К тому же постановщик, то и дело перенося место действия из комнаты на улицу, а с улицы – в здание суда, не дал воображению зрителя ровно никаких подпорок, хотя бы в виде условных выгородок. Спору нет, быть может, это и смело, и современно, но поскольку перед глазами все время одна хоть и превосходная, но связывающая воображение декорация, порой возникало чувство неловкости, оттого что заговорщики едва ли не кричат друг другу через улицу о своих тайных замыслах цареубийства, в то время как рядом прогуливаются обыватели, офицеры, журналисты и жандармы. Народовольцы ведут себя так неосторожно, что их главный конспиратор Михайлов гораздо чаще, чем он это делает в спектакле, должен был бы восклицать: "Несчастная русская революция!"

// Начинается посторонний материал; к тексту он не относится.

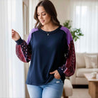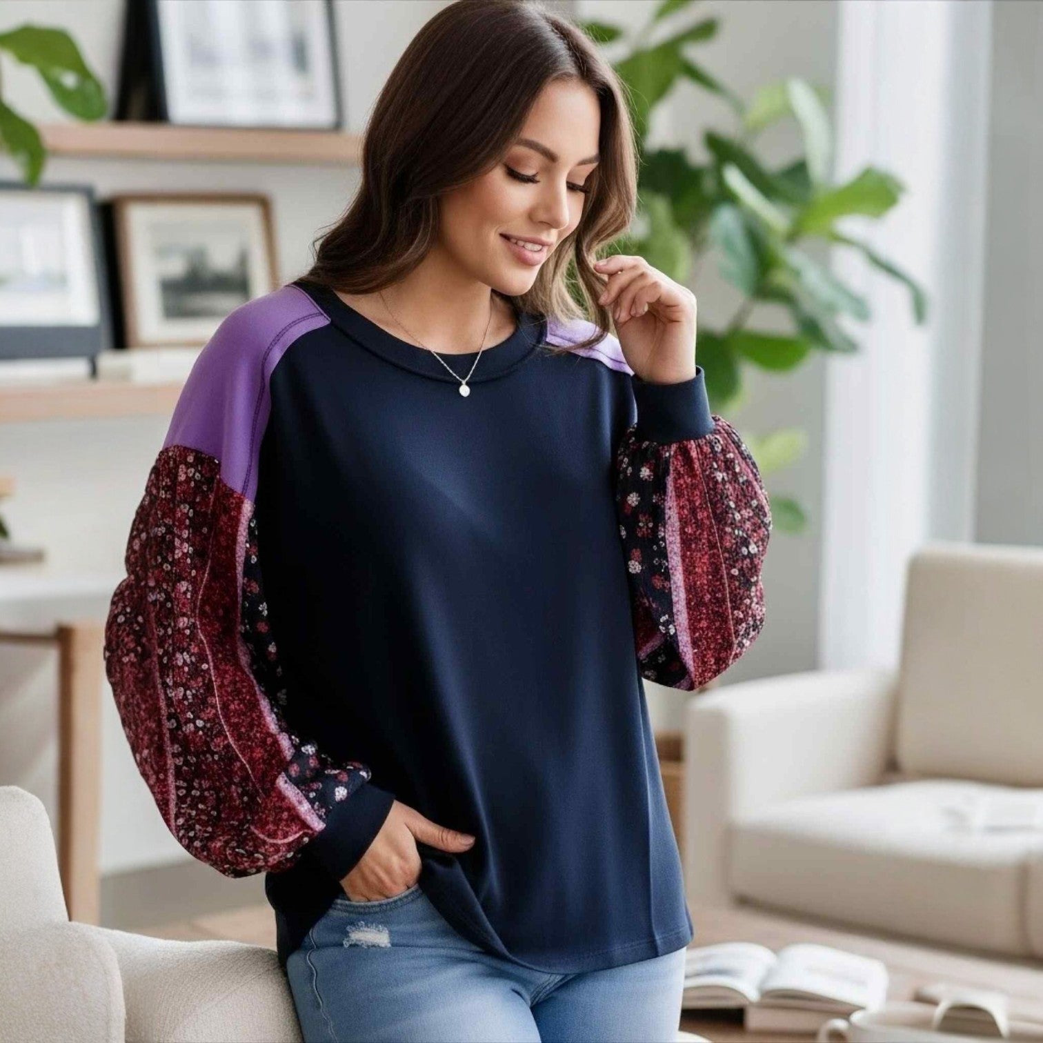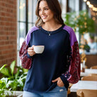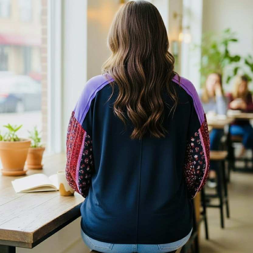 Meet your new cozy-cute essential! The Charmed Moments Top blends a rich navy body with playful colorblock details and beautifully printed bubble sleeves. Soft, stretchy, and effortlessly stylish — it’s the perfect everyday piece with a touch of charm. 💙🌸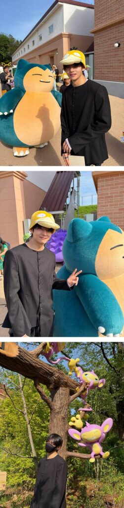 V also shared moments from different areas of the park, including a themed club where he wrote “Entering the club,” and a lab style space where he joked, “Ah, I woke up late so Professor Oak is not here,” bringing smiles to fans.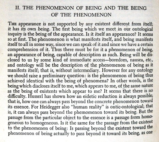 Each of the existentialist masters during the 1920s to 1940s had their own dedicated interpretations of what it meant to be in existence but invariably run into philosophical conundrums problems which take a lot of time to explain, but never quite fully satisfactorily. Many of the early existentialist books from those years were essentially tomes, hundreds of pages long, Sartre included. My 1966 copy of Being and Nothingness amounts to nearly 700 pages, excluding the lengthy introduction by Hazel Barnes.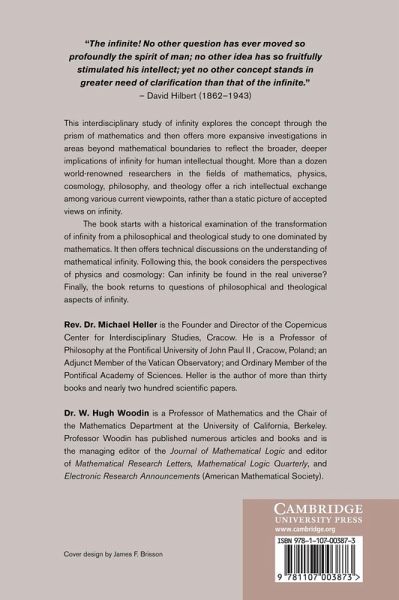This interdisciplinary study of infinity explores the concept through the prism of mathematics and then offers more expansive investigations in areas beyond mathematical boundaries to reflect the broader, deeper implications of infinity for human intellectual thought. More than a dozen world-renowned researchers in the fields of mathematics, physics, cosmology, philosophy and theology offer a rich intellectual exchange among various current viewpoints, rather than displaying a static picture of accepted views on infinity. The book starts with a historical examination of the transformation of infinity from a philosophical and theological study to one dominated by mathematics. It then offers technical discussions on the understanding of mathematical infinity. Following this, the book considers the perspectives of physics and cosmology: can infinity be found in the real universe? Finally, the book returns to questions of philosophical and theological aspects of infinity.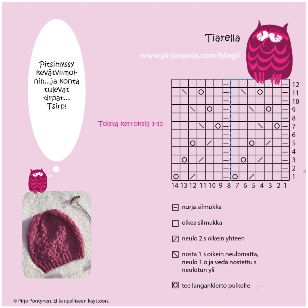 Seiskaveikkaa oljenkeltaista 65 g, v. 510 vaalean punaista 2 g, v. 550 pinkkiä 4 g, v. 563 fuksiaa 3 g, meleerattua ruskeaa 6 g ja v. 039 kortta ( homeen vihreä) 4 g. Koska vaakani on varsin epätarkka, varaa lankoja enemmän.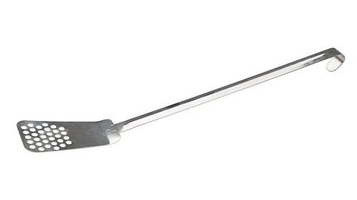 Рабочая часть с отверстиями функционирует по принципу шумовки – через них происходит отток лишней жидкости (бульона, соуса, масла)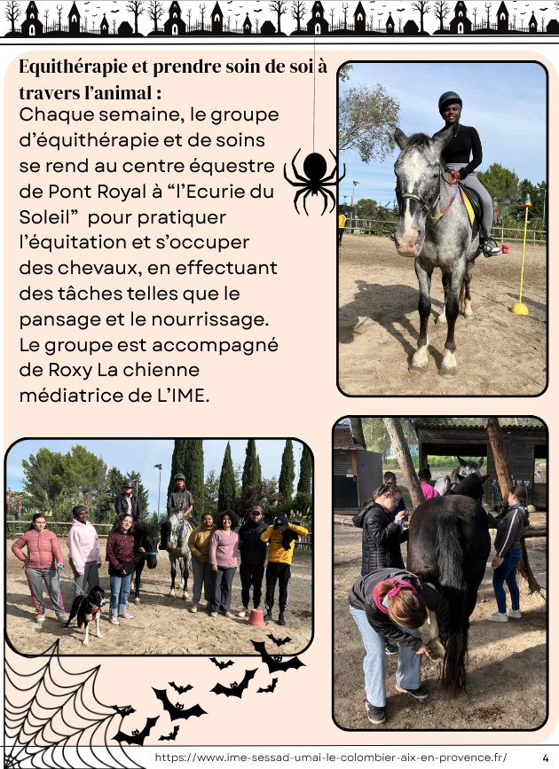 Photos des activités assistées par le chien, le poney, l'équitation et soins aux animaux de la ferme.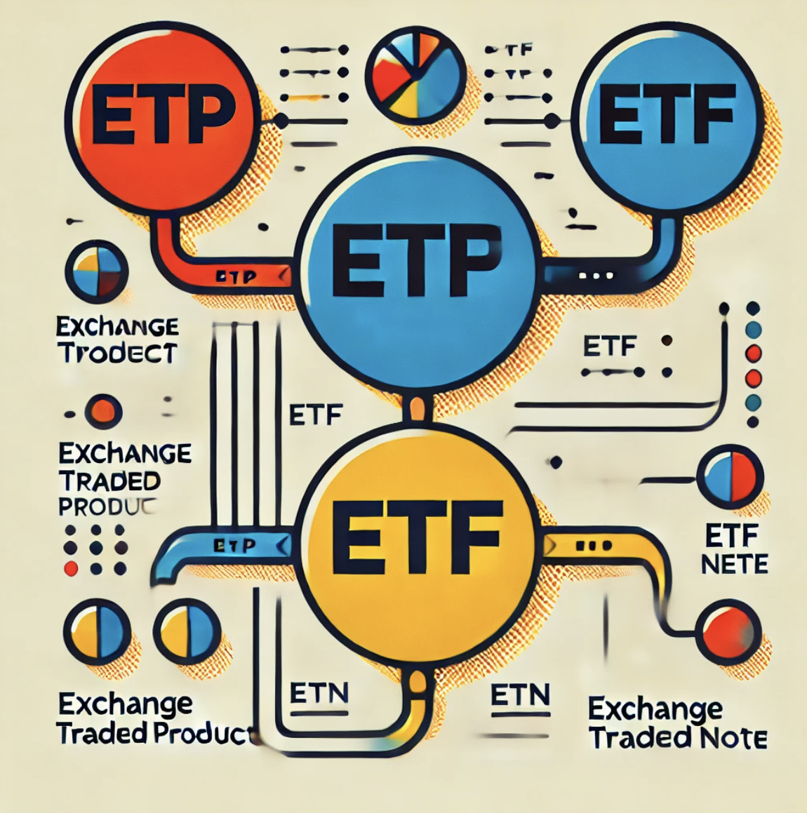 쉽게 말하면 **ETF(상장지수펀드)와 ETN(상장지수증권)**을 포함하는 큰 개념이다.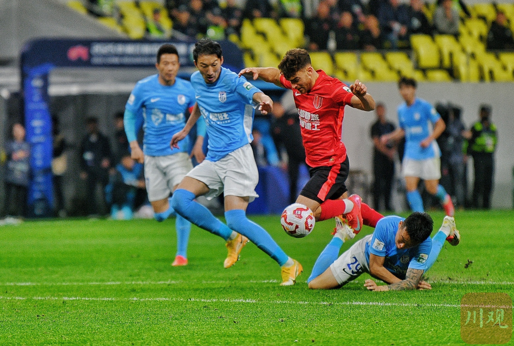成都蓉城队员(红衣)在对方禁区内大举进攻。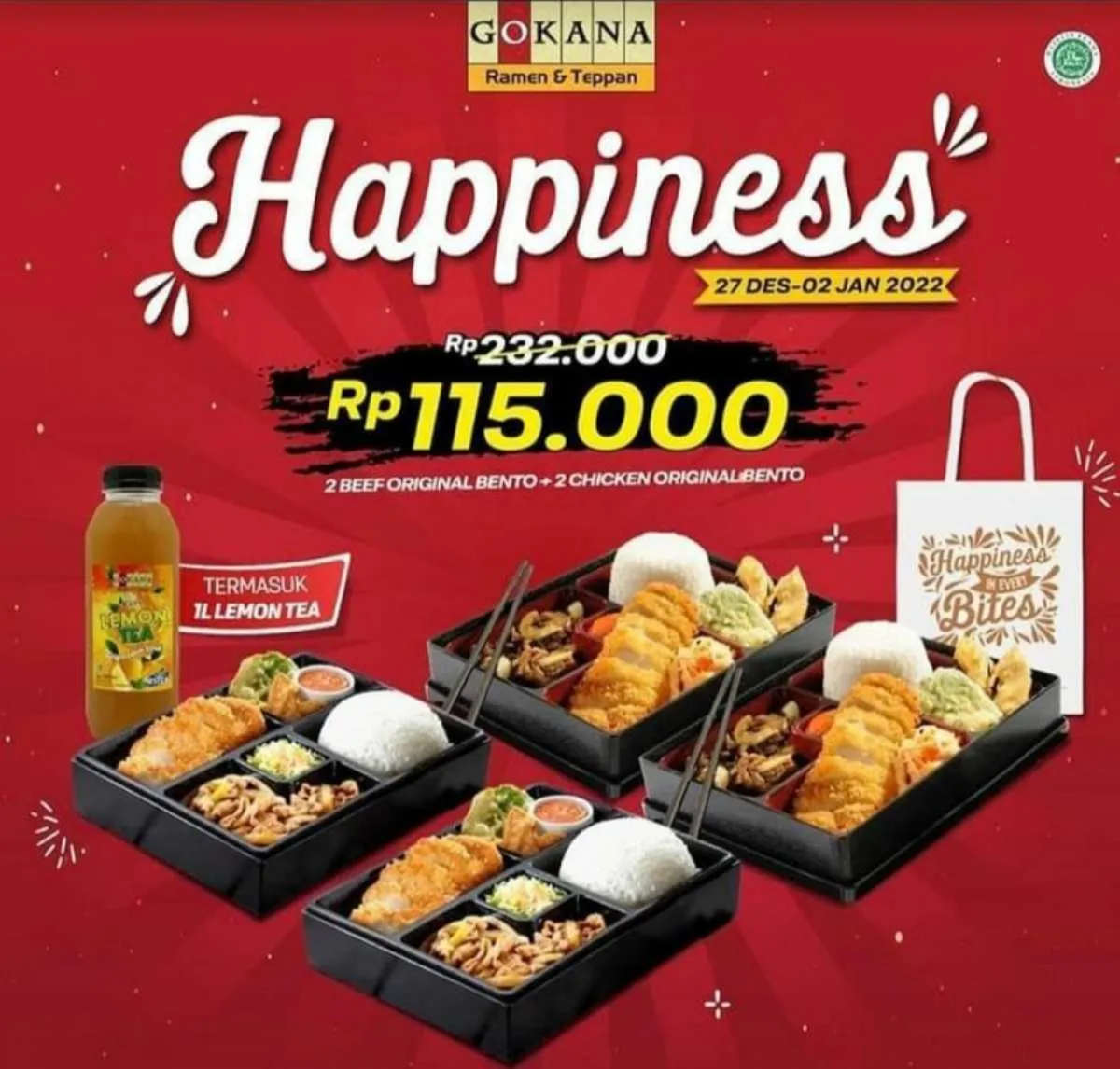 Melansir Instagram Gokana di @Gokanaresto, promo bertajuk “Happiness” ini menawarkan diskon besar-besaran untuk 2 paket pilihan versi jumbo yang terdiri atas masing-masing 4 makanan dan 1 minuman!

И однако спектакль несет важную мысль, заставляет зрителя задуматься, связать концы и начала. По отношению к народовольцам в куда большей остроте, чем по отношению к декабристам, возникает вопрос: признает ли современный зритель их историческую правоту, оправдает ли их методы борьбы?
Народовольцев обвиняет товарищ прокурора Муравьев (Г. Фролов) – в барском халате с белыми отворотами, играющий карандашиком у губ и с профессиональным самодовольством обдумывающий, как бы похлестче заклеймить цареубийц. И надо ли говорить, что всё наше сочувствие обращено в эти минуты к сидящему у другого края сцены в тюремном долгополом одеянии Андрею Желябову.
Желябов, каким его играет О. Ефремов, высокий, благообразный, с открытым лбом и по-мужицки подстриженными сзади под горшок волосами, – это новый тип интеллигента из народа, из крестьянской среды. Демократические инстинкты соединились в нем с широкой образованностью. В нем угадываешь богатую внутреннюю жизнь, силу характера и природную одаренность. Он верит в социализм, ему близки и нравственные начала христианства, но он знает и то, что "вера без дела мертва есть", и бросается в омут практической революционной работы. Во внушительной фигуре Ефремова-Желябова есть благородная значительность, и жаль, что по ходу пьесы он так статичен.